• _Requirement_
Please print exactly the lines from the one containing "The building varies" through the last line of the records, and only those. Leave out any pictures.

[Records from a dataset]

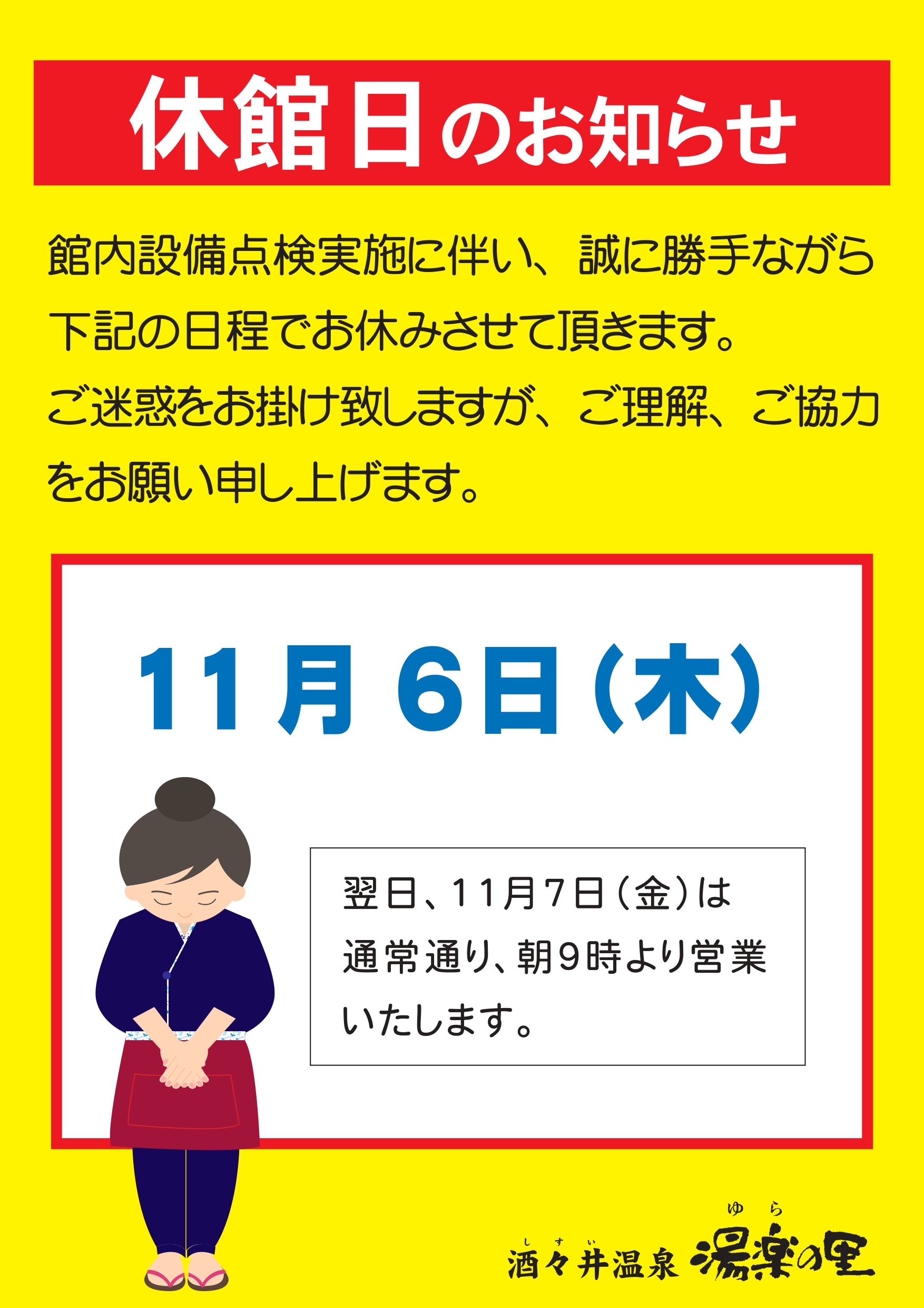 酒々井温泉からのお知らせ 2025年10月25日 湯楽の里だより【11月号】のご案内 2025年10月18日 【本家さぬきや】『秋の味覚』期間限定メニュー♪ 2025年10月13日 【本家さぬきや】期間限定!さんま塩焼きメニュー登場✨ 2025年10月10日 休館日のお知らせ【11月6日(木)】 2025年09月03日 第20回ニフティ温泉【年間ランキング2025】開催✨! 2025年04月01日 湯楽の里・喜楽里 公式アプリ会員募集中!
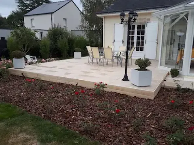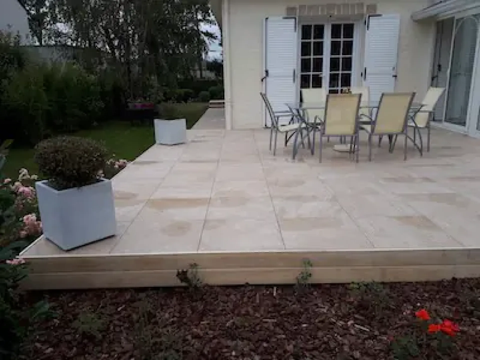 La solution pour rénover cette terrasse carrelée qui se détériorait (flocage des carreaux, joints qui se désagrègaient) a été de la recouvrir par des dalles en grès cérame supportées par une structure en aluminium.
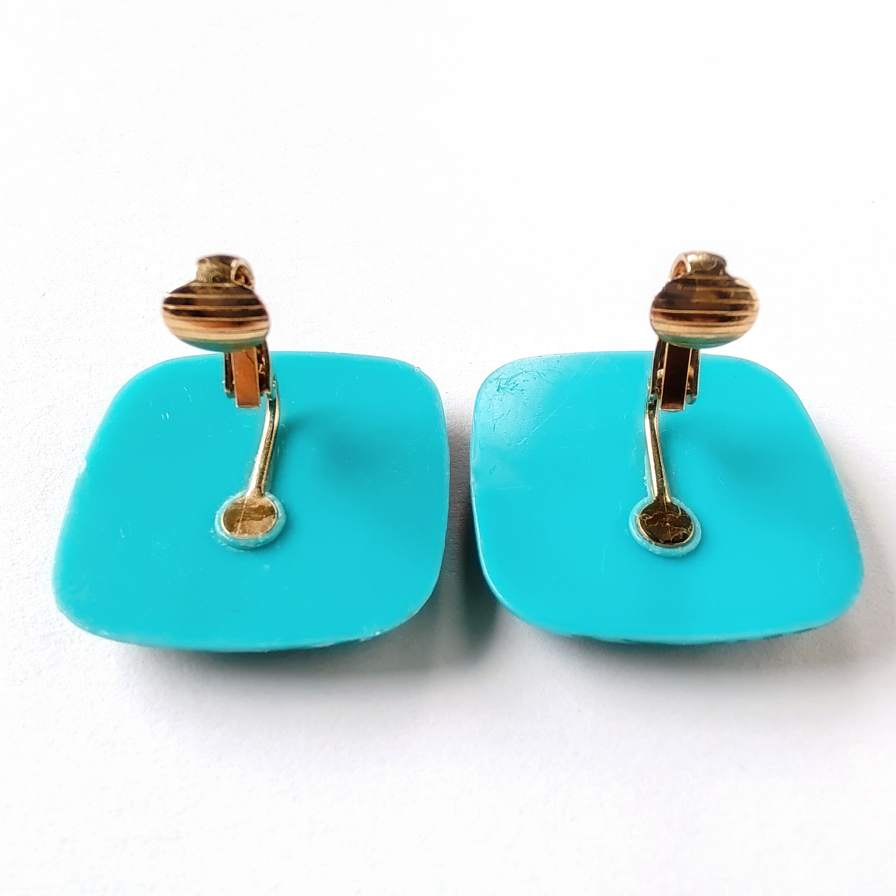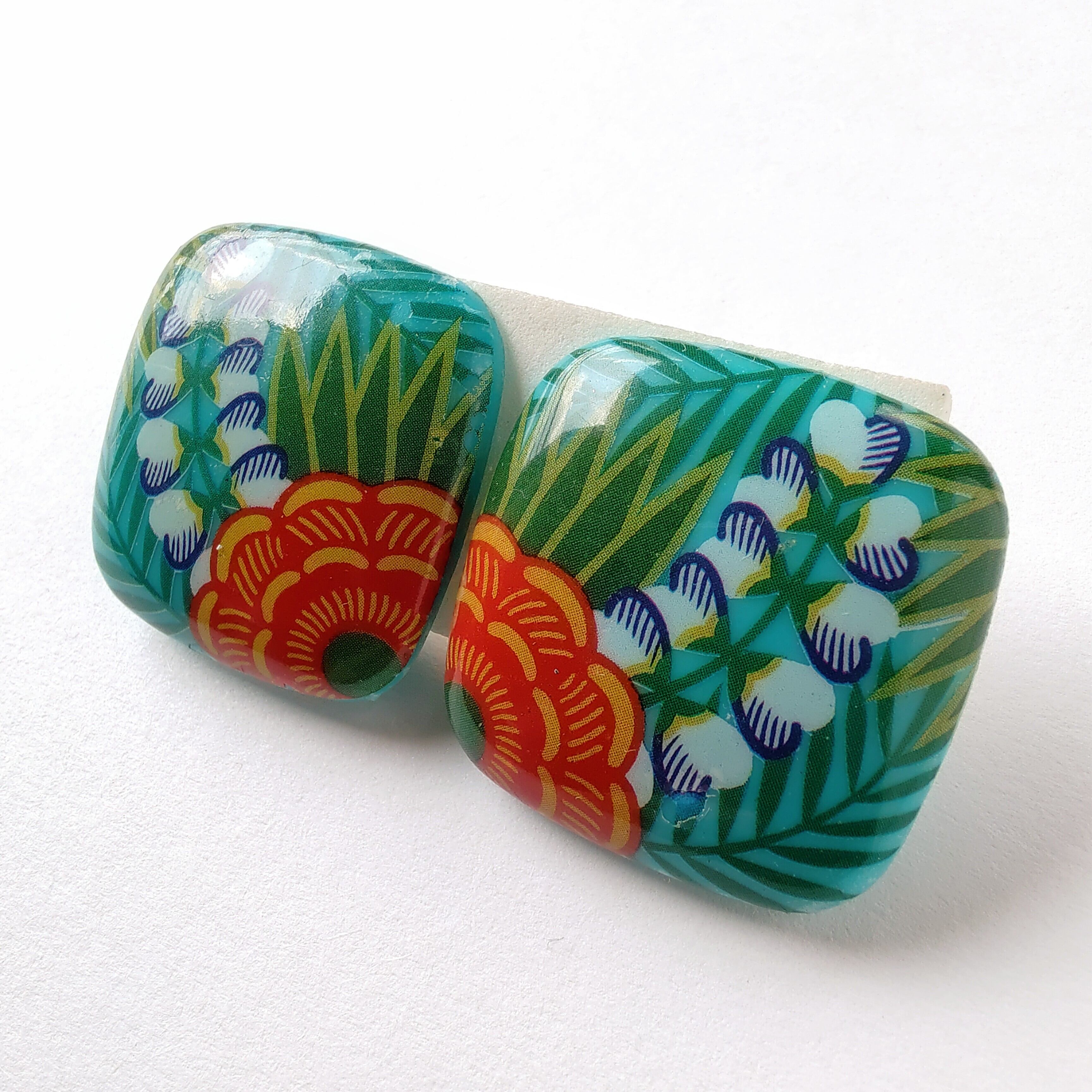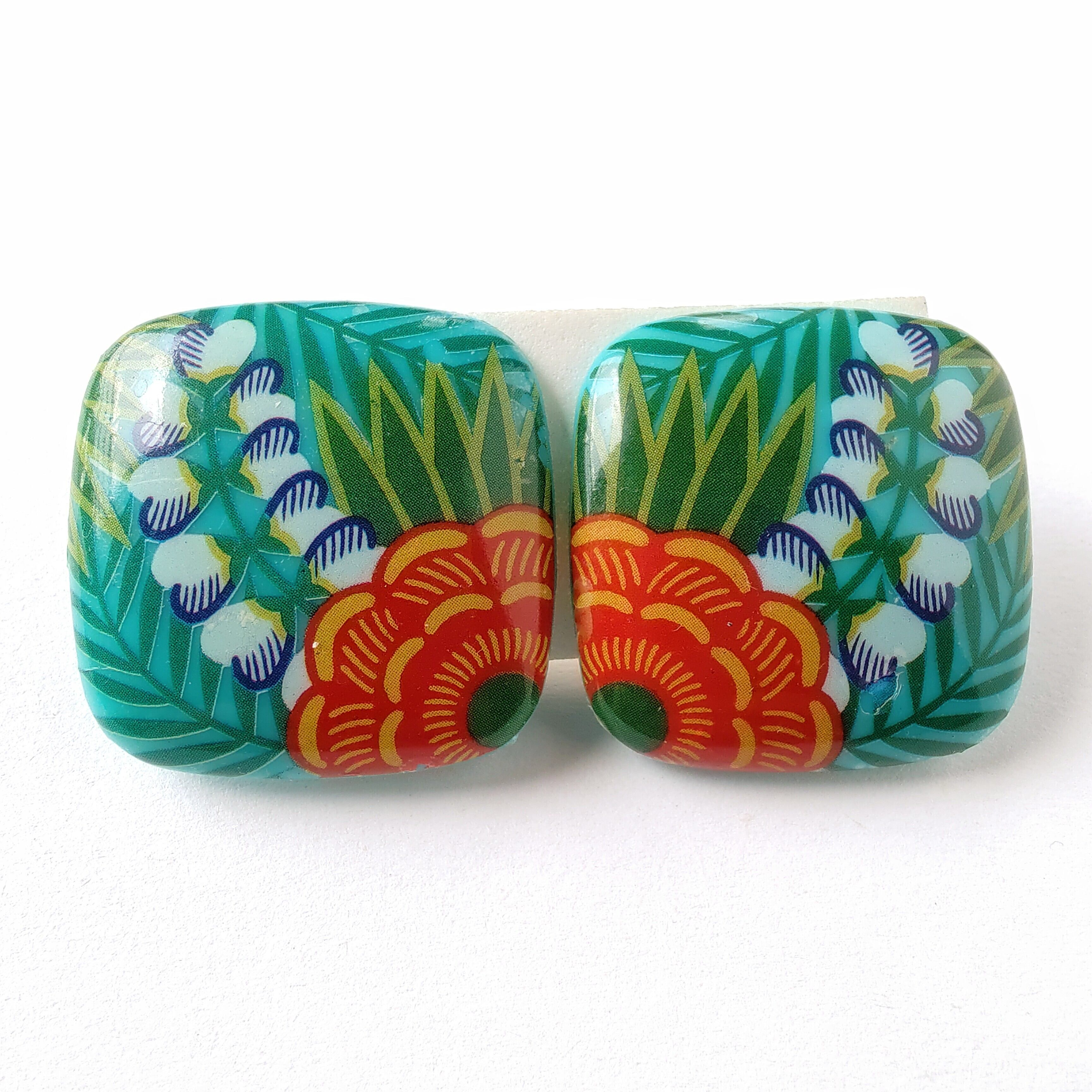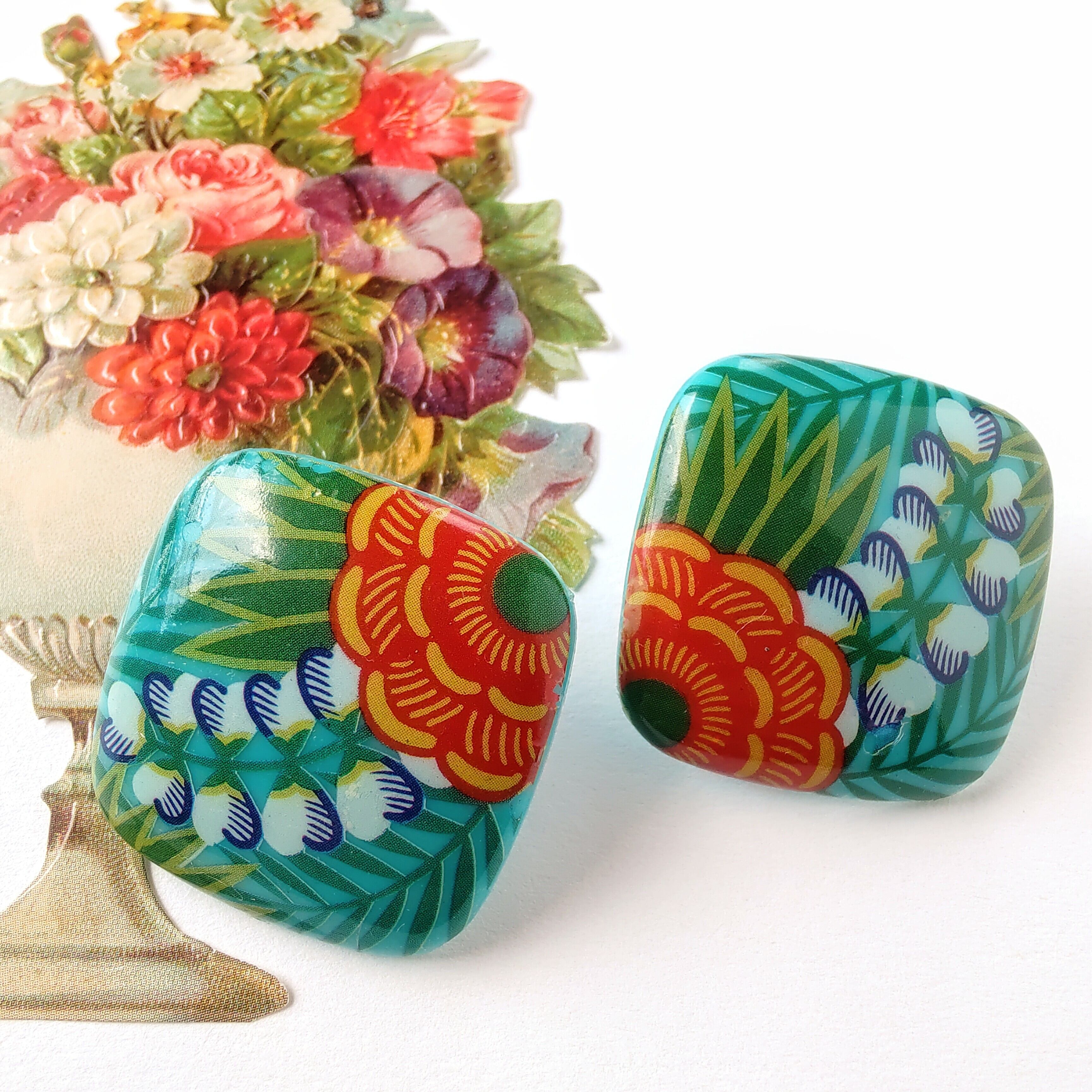 1886年アメリカのニューヨークにて小さな香水会社を創業、1971年に本格的にコスチュームジュエリーの製作を開始したAvon(エイボン)の1987年に販売された“tropical beauty”のターコイズブルーのスクエア型のプラスチックの表面にトロピカルフラワーがプリントされたヴィンテージイヤリングです。
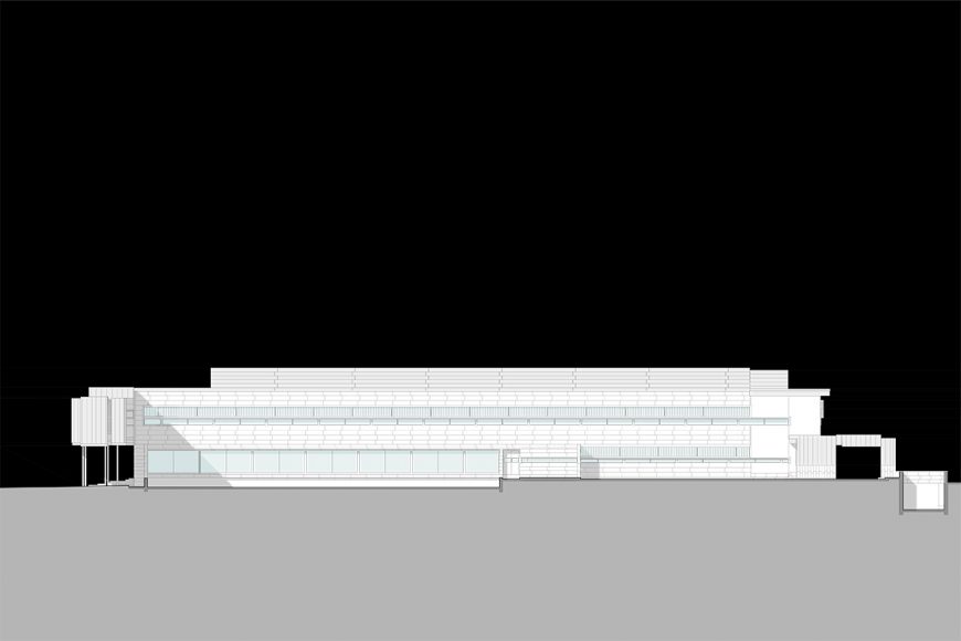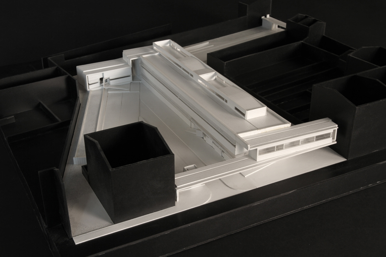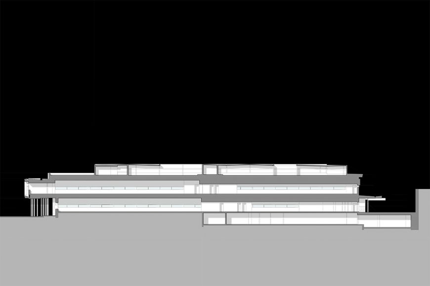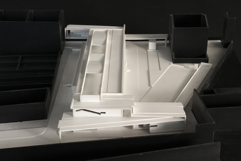 The building varies between a dominating systematic matrix of a technological nature and sparse subjectivities, as spontaneous reactions to the site.
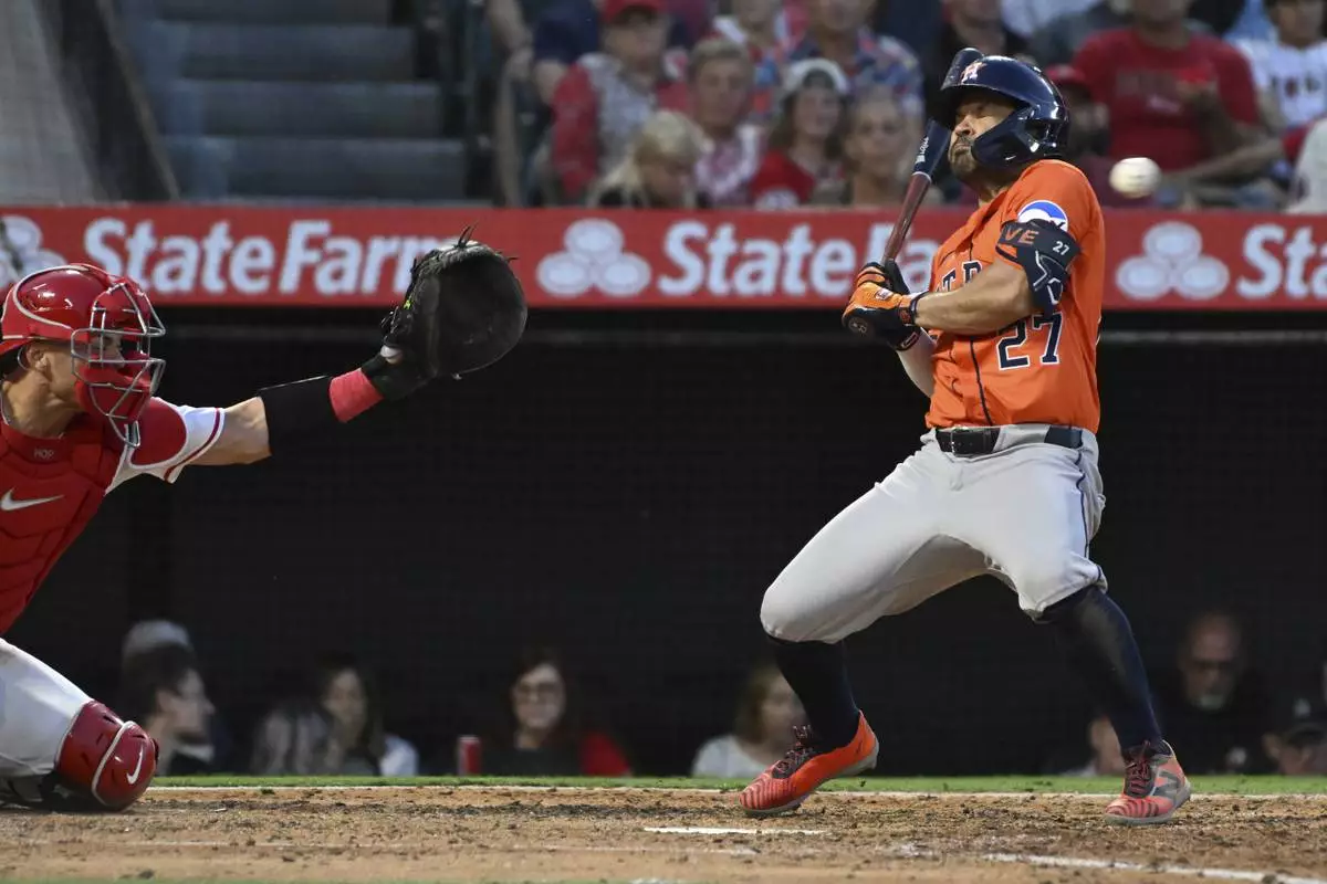 Jose Altuve walked and scored on a two-out single by Christian Walker in the fourth for the Astros, but the Angels answered in their half when Zach Neto doubled with two outs and scored on Schanuel's single for a 7-1 lead.

• _Solution for this problem_
 The building varies between a dominating systematic matrix of a technological nature and sparse subjectivities, as spontaneous reactions to the site.
 Jose Altuve walked and scored on a two-out single by Christian Walker in the fourth for the Astros, but the Angels answered in their half when Zach Neto doubled with two outs and scored on Schanuel's single for a 7-1 lead.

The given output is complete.